» TASK DESCRIPTION:
Copy out exactly the lines spanning the line with "此外,今年上半年,蒙牛鲜奶业" to the line with "Ceintures pour femmes", inclusive, from the data underneath, with no pictures.

» GIVEN DATA:
* * *
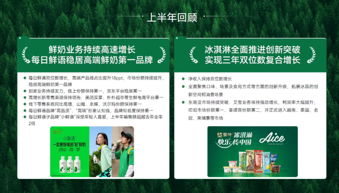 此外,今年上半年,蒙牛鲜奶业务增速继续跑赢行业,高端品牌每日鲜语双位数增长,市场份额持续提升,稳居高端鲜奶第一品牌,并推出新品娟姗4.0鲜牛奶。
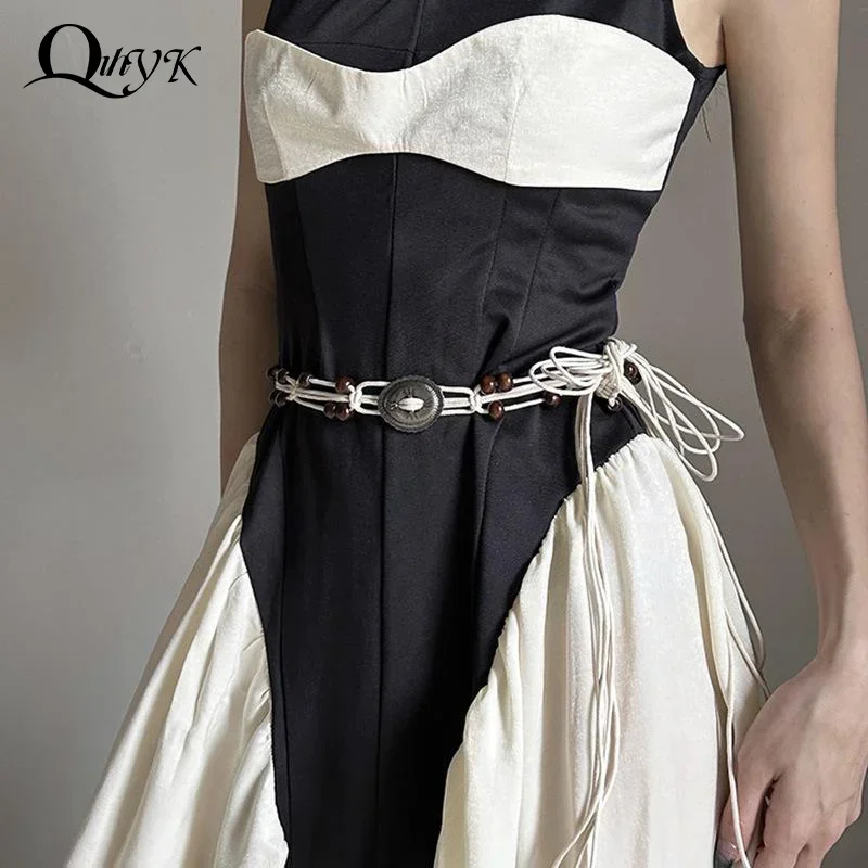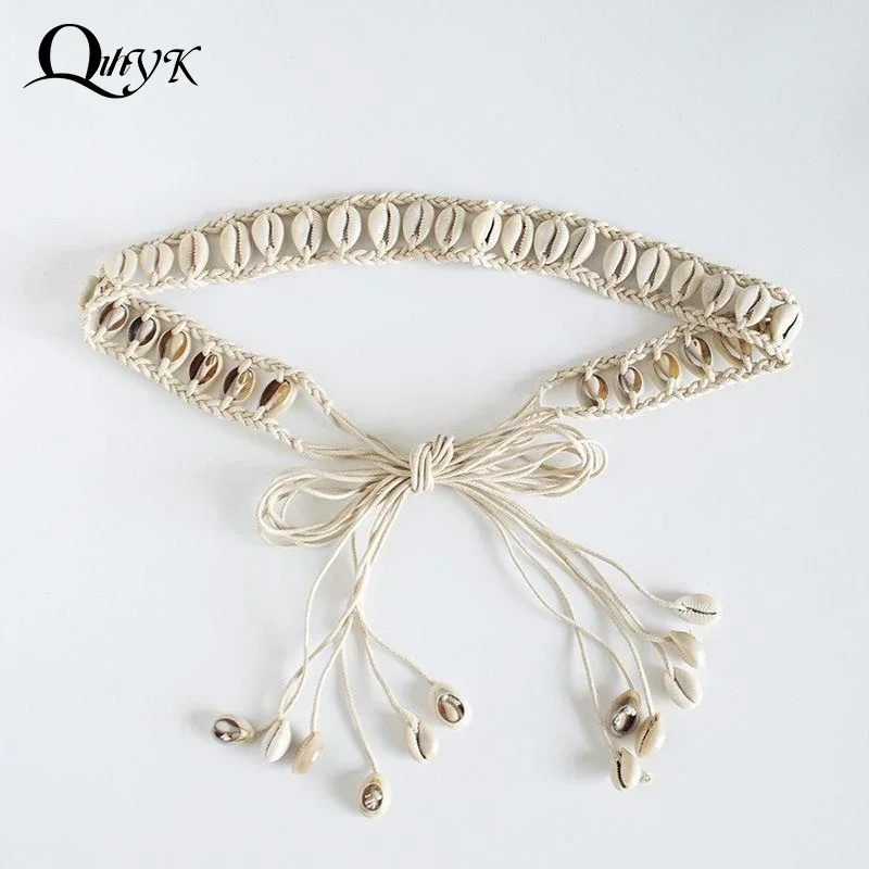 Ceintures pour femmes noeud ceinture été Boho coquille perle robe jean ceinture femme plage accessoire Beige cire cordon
* * *
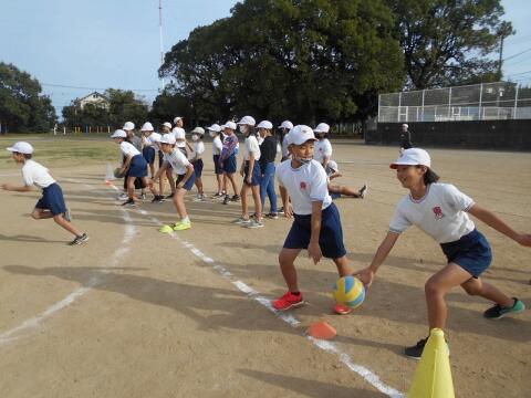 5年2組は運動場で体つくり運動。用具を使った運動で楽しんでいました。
* * *
» RESPONSE TO THE TASK:
 此外,今年上半年,蒙牛鲜奶业务增速继续跑赢行业,高端品牌每日鲜语双位数增长,市场份额持续提升,稳居高端鲜奶第一品牌,并推出新品娟姗4.0鲜牛奶。
 Ceintures pour femmes noeud ceinture été Boho coquille perle robe jean ceinture femme plage accessoire Beige cire cordon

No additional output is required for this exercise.